I don’t know if it is still ‘live’ on New Delhi’s tourists map or pilgrims circuit , but the legend of Matka Mazar, near Delhi’s Purana Quila makes interesting read. My source is a newspaper clipping dating back to 1982. The scanned page of newspaper photo feature, credited to Himani Pande, shows earthen pots stacked on top of the tomb of Hazrat Sheikh Abu Bakr Tusi, a saint from Arabia who spent his last years in Delhi over 700 years ago. Devotees to his tomb offered ‘matka’ (earthen pot) in prayers.

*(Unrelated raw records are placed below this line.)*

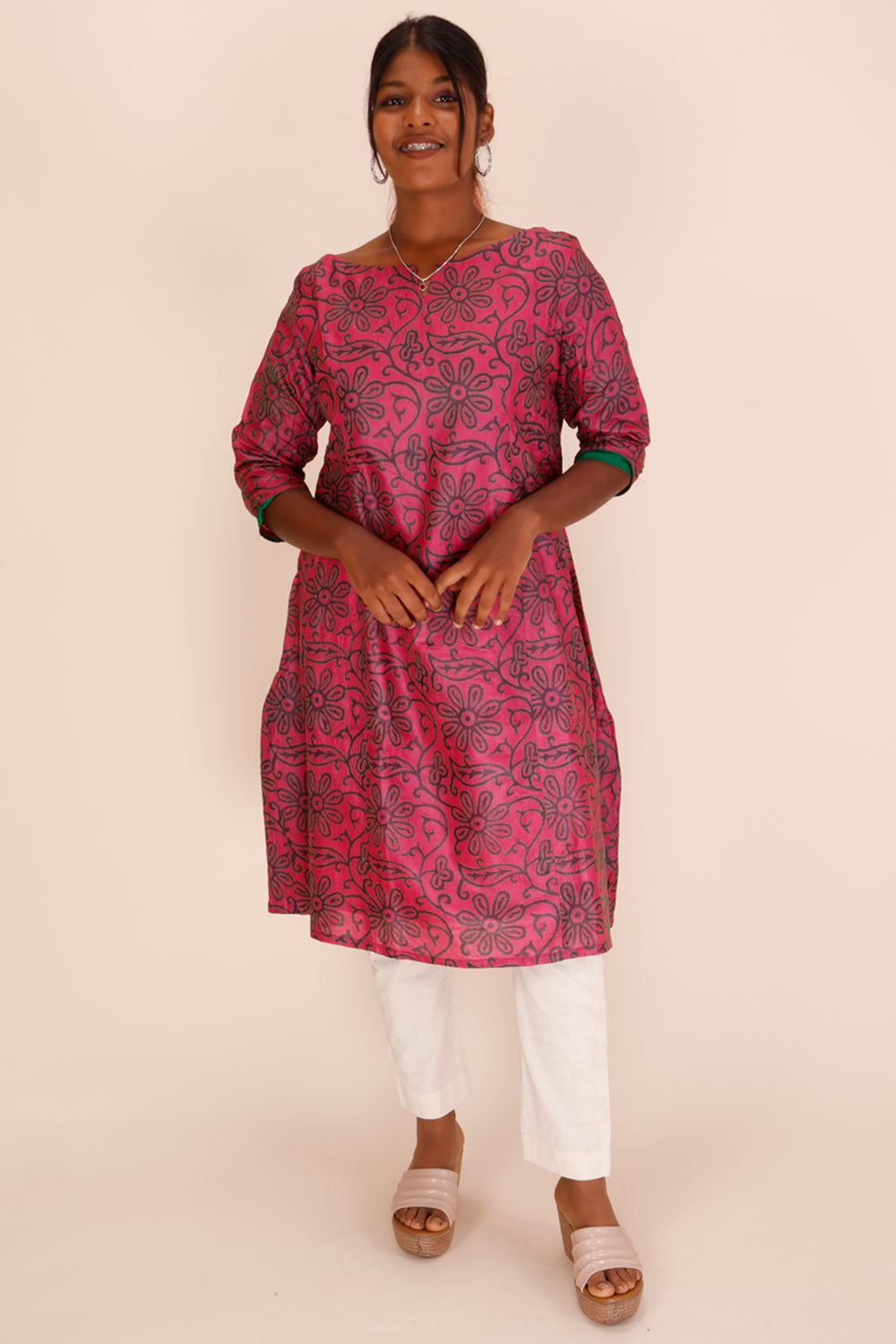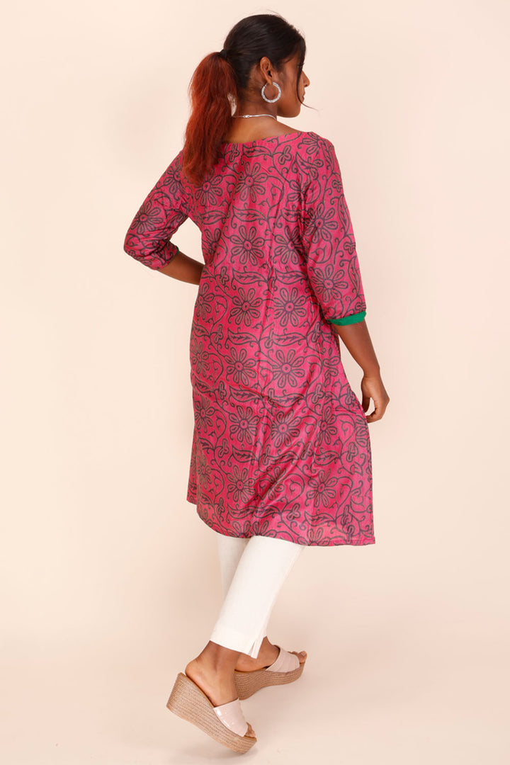 Elevate your ethnic wardrobe with this Pink Kantha Embroidered Tussar Silk Kurta. Crafted from luxurious tussar silk, it offers a rich texture and comfortable drape. The intricate Kantha embroidery adds timeless elegance, making it perfect for festive occasions or casual gatherings. Experience a blend of tradition and style that ensures you stand out effortlessly.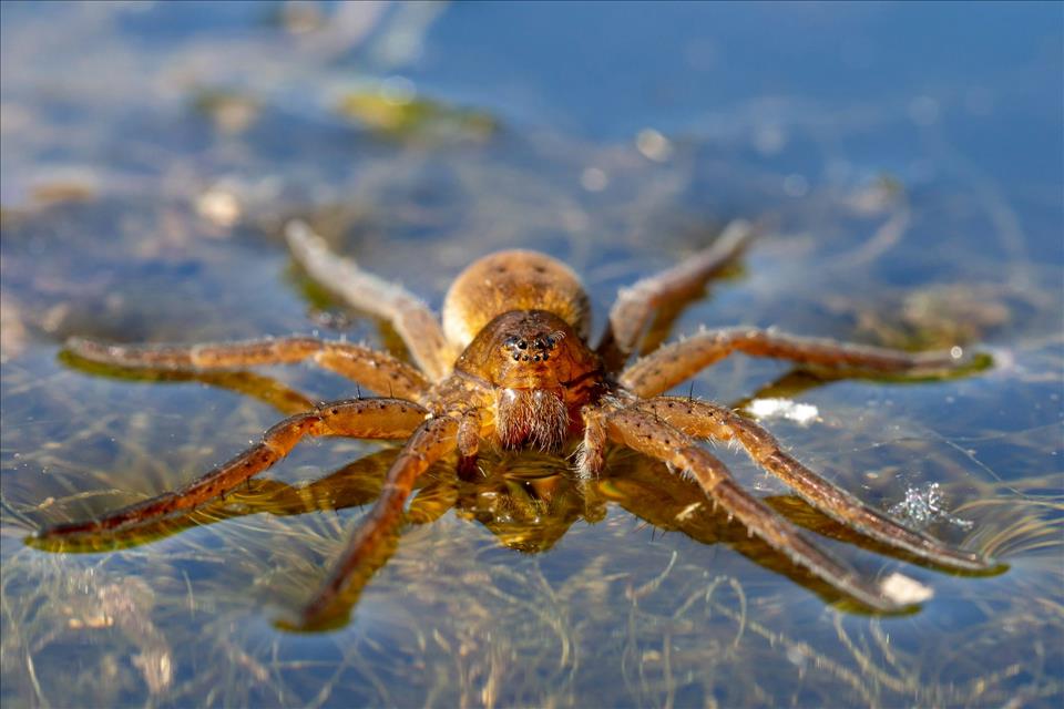 For example, fishing spiders wait at the water's edge and scuttle across the surface to grab insects, tadpoles or even small fish.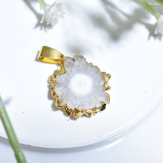 Elegant White Solar Quartz Pendant – Natural Crystal Sparkle Electroplated Gemstone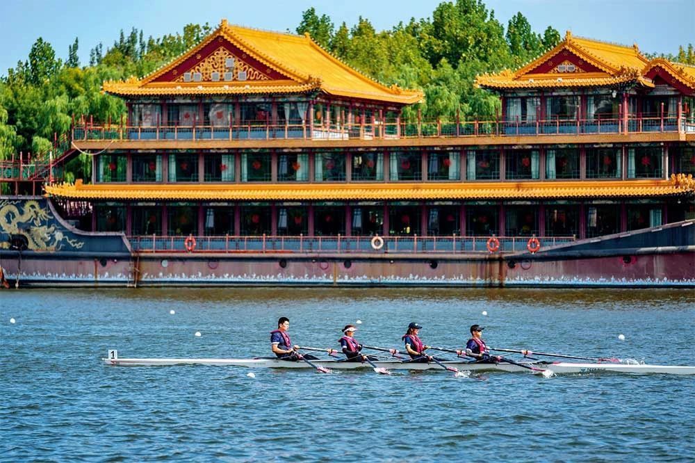 市民在位于北京市通州区的京杭大运河上进行赛艇比赛(2022年9月18日摄) 彭子洋摄/本刊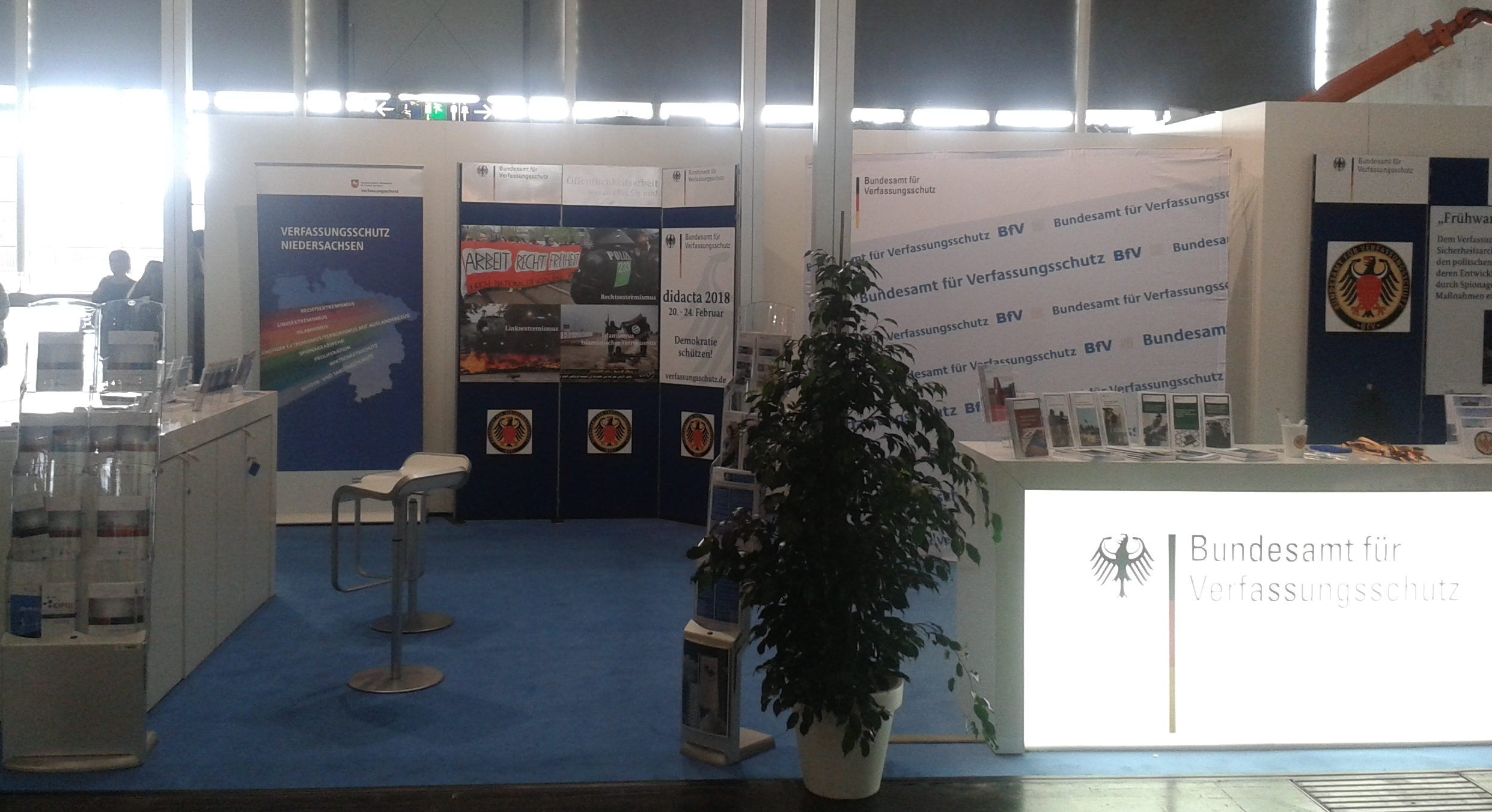Der Niedersächsische Verfassungsschutz hat sich während der didacta vom 20. – 24.02.2018 in Hannover auf dem Messestand des Bundesamtes für Verfassungsschutz präsentiert. Zahlreiche Besucherinnen und Besucher haben die Möglichkeit genutzt, sich über die Arbeit, die Aufgaben und das Angebot des Verfassungsschutzes zu informieren.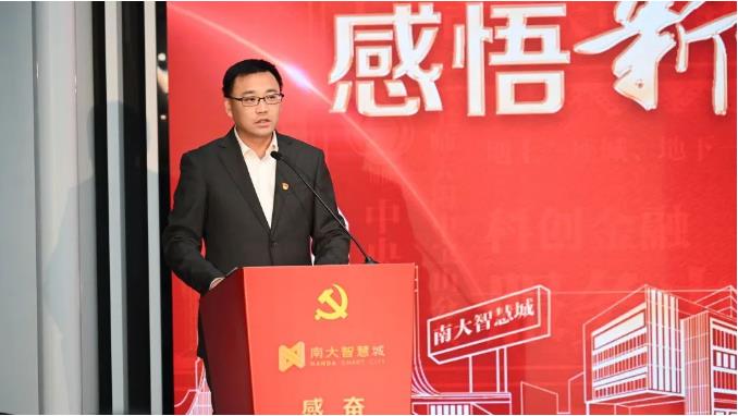 ▲南大开发公司党支部书记、总经理张鹏作开场演讲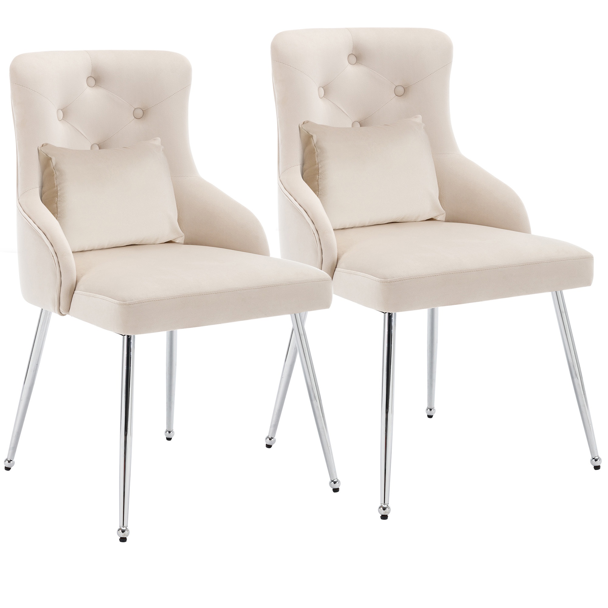 Queste sedie eleganti e moderne, rivestite in morbido tessuto effetto velluto beige, sono perfette per aggiungere un tocco di classe a qualsiasi sala da pranzo o salotto. Grazie alle dimensioni di 54.5x58.5x87.5 cm e un peso di 8,4 kg ciascuna, offrono un comfort superiore, anche grazie alla densa imbottitura in spugna e al cuscino lombare ergonomico. Le gambe in metallo robusto assicurano stabilità e durata, supportando fino a 150 kg, mentre i piedini regolabili proteggono il pavimento da graffi.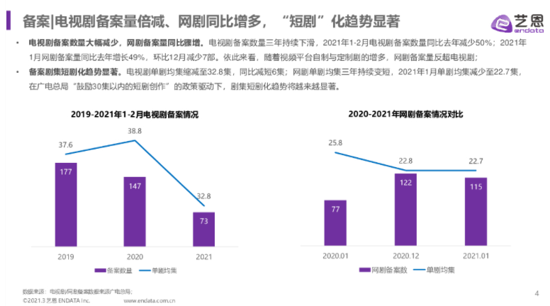 2021年1-2月电视剧备案数量急剧下滑,反之网剧备案量骤增,剧集短剧化趋势越来越明显。q1网剧提质减量、精品化程度进一步提升,“3+x”类型趋势越来越显著。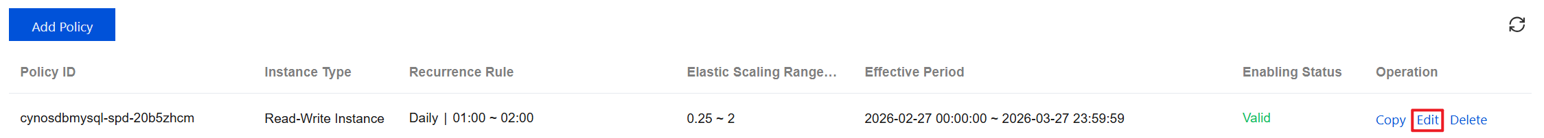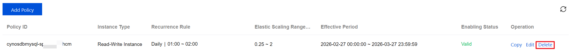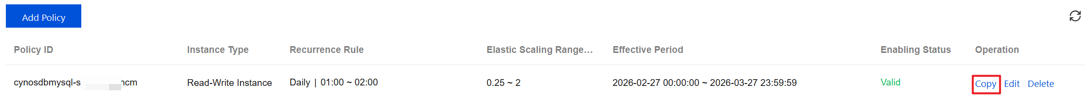 After adding a rule-based elastic policy to an instance under a Serverless cluster, you can copy, modify, or delete that policy.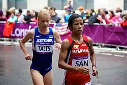 ![]() Evelin Talts (left) with Ni Lar San at the Women's marathon in London 2012. | |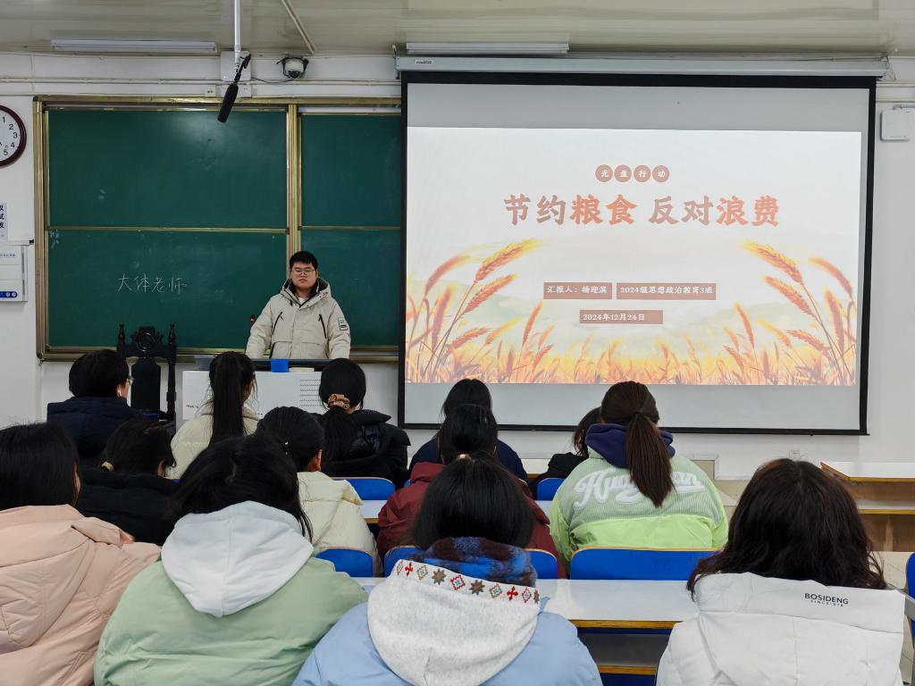 为引导学生们树立珍惜粮食的意识,养成勤俭节约的好习惯,beat365亚洲版官网2024级思想政治教育三班于12月24日在社科楼514教室成功召开了一场以“节约粮食,反对浪费”为主题的班会活动。

Legend has it that the nomadic saint, camping in Dekhi, didn’t, for some reason, endear himself to the then Dehi ruler Shah Balban, a tyrannical type with pronounced sadistic tendency. It is said the ruler, in a bid to humiliate the noble soul credited with divine powers, sent the saint ‘meal’ of iron pellets and a cake of elephant dung. The sage accepted the offer and put the cake in his ‘matka’ mixing it with water to make sherbat (fruit juice). The iron pellets turned into roasted gram.
Pilgrims visiting the dargah of Hazrat Tusi offered matka at his mazar . The one the sage possessed is believed to be buried in a nearby well that has remained sealed for centuries.